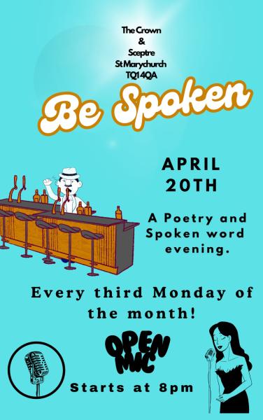 Be-Spoken. Spoken-word open-mic at The Crown and Sceptre St Marychurch 8pm Monday 20/04/2026
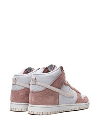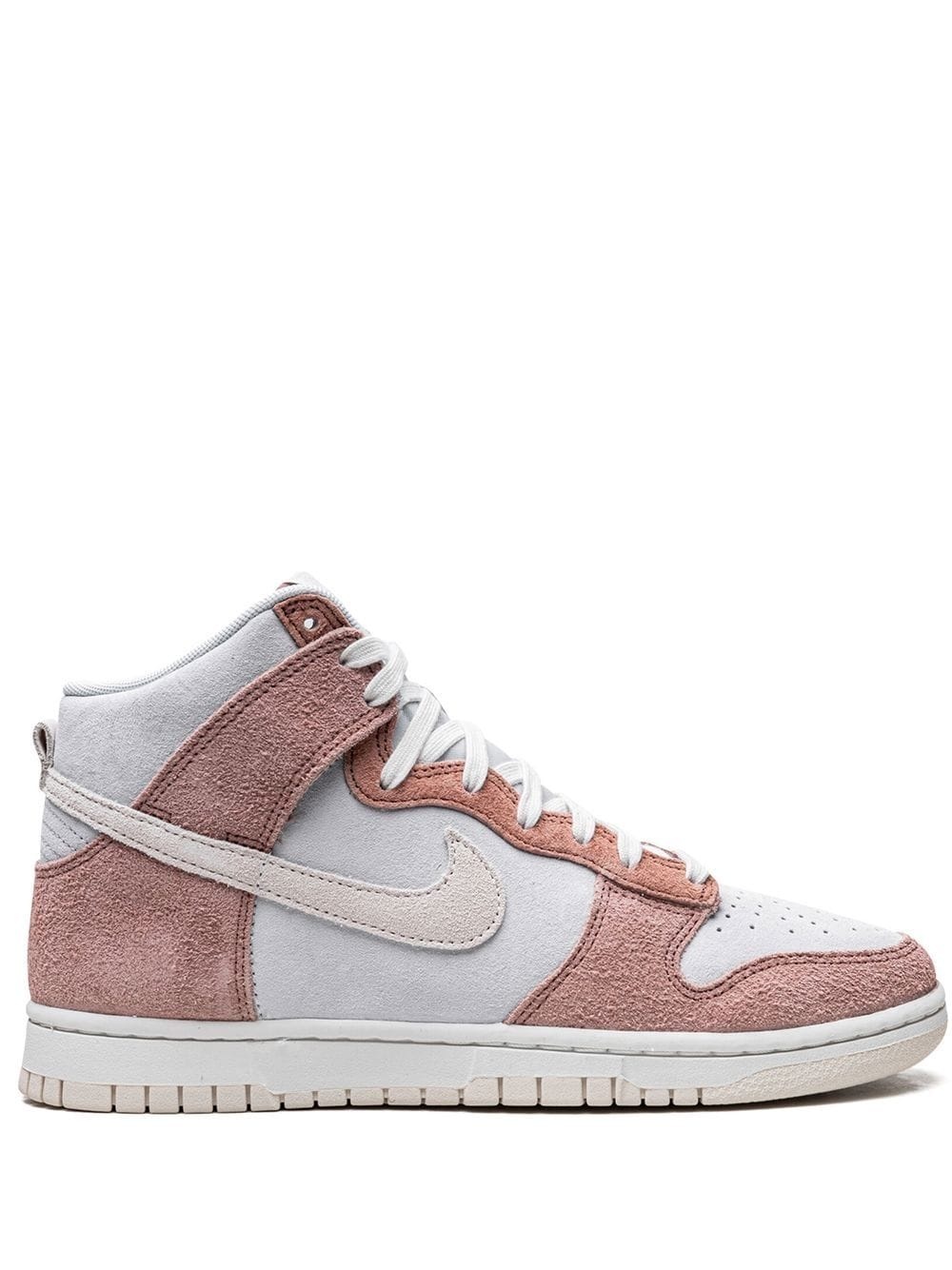 Dunk High sneakers A classic silhouette, Nike's Dunk High is presented here in an 'Aura' and 'Fossil Rose-Aura-Summit White' colourway. This allows the signature Swoosh logo - a motif designed to represent movement and speed - to stand out at the side. Imported Composition Suede 100%
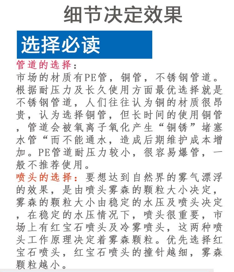 • 专注雾森人造冷雾,冷喷泉,除尘降温,溉灌微喷等工程用不锈钢高压管,解决铜管生氯添堵高成本等难题!引领雾森人造冷雾,喷雾,喷泉喷灌,加湿降温除尘园林景观等行业的新主流材料!
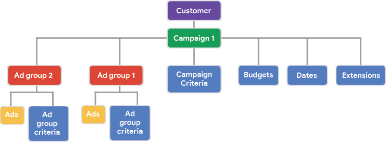 AdGroupCriterionya daCampaignCriterionekleyebilirsiniz. Ölçütler, reklamların nasıl tetikleneceğini tanımlar.- Anahtar kelimeler, yaş aralıkları ve konumlar gibi birçok ölçüt türü vardır. Kampanya düzeyinde tanımlanan ölçütler, kampanyadaki diğer tüm kaynakları etkiler. Kampanya genelinde bütçeler ve tarihler de belirtebilirsiniz.
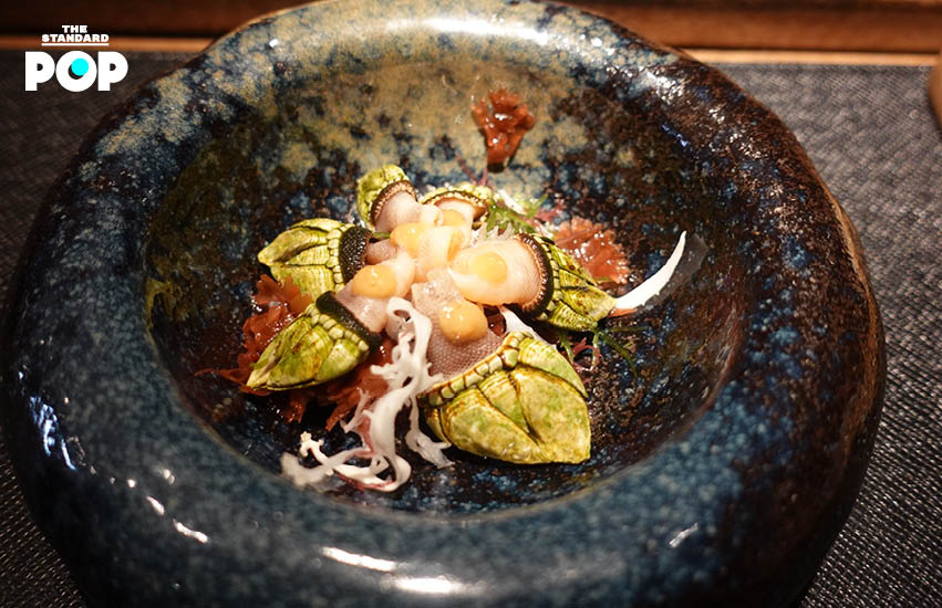 เบรกจากข้าวมาเป็น หอยตีนเต่า หรือบางคนเรียก หอยมือเต่า ที่เชฟนึ่งด้วยน้ำที่ได้จากการนึ่งปูจึงออกรสเค็ม ให้ความรู้สึกถึงทะเล ก่อนตัดแต่งตัวหอยให้มีลักษณะคล้ายตีนเต่า จัดเรียงมาในชามที่รองด้วยสาหร่าย วิธีกินให้เล็มเนื้อด้านนอก จากนั้นใช้ตะเกียบคีบเนื้อด้านในที่กรุบๆ ออกมากินต่อ ด้านบนเหยาะด้วยซอสมิโซะสูตรพิเศษ
-.-.-
_WORK REQUIRED_
Restate exactly, please, only the lines between the start of the data and the line containing "Dunk High sneakers", both ends included, skipping the pictures.

_RESPONSE BELOW_
 Be-Spoken. Spoken-word open-mic at The Crown and Sceptre St Marychurch 8pm Monday 20/04/2026
 Dunk High sneakers A classic silhouette, Nike's Dunk High is presented here in an 'Aura' and 'Fossil Rose-Aura-Summit White' colourway. This allows the signature Swoosh logo - a motif designed to represent movement and speed - to stand out at the side. Imported Composition Suede 100%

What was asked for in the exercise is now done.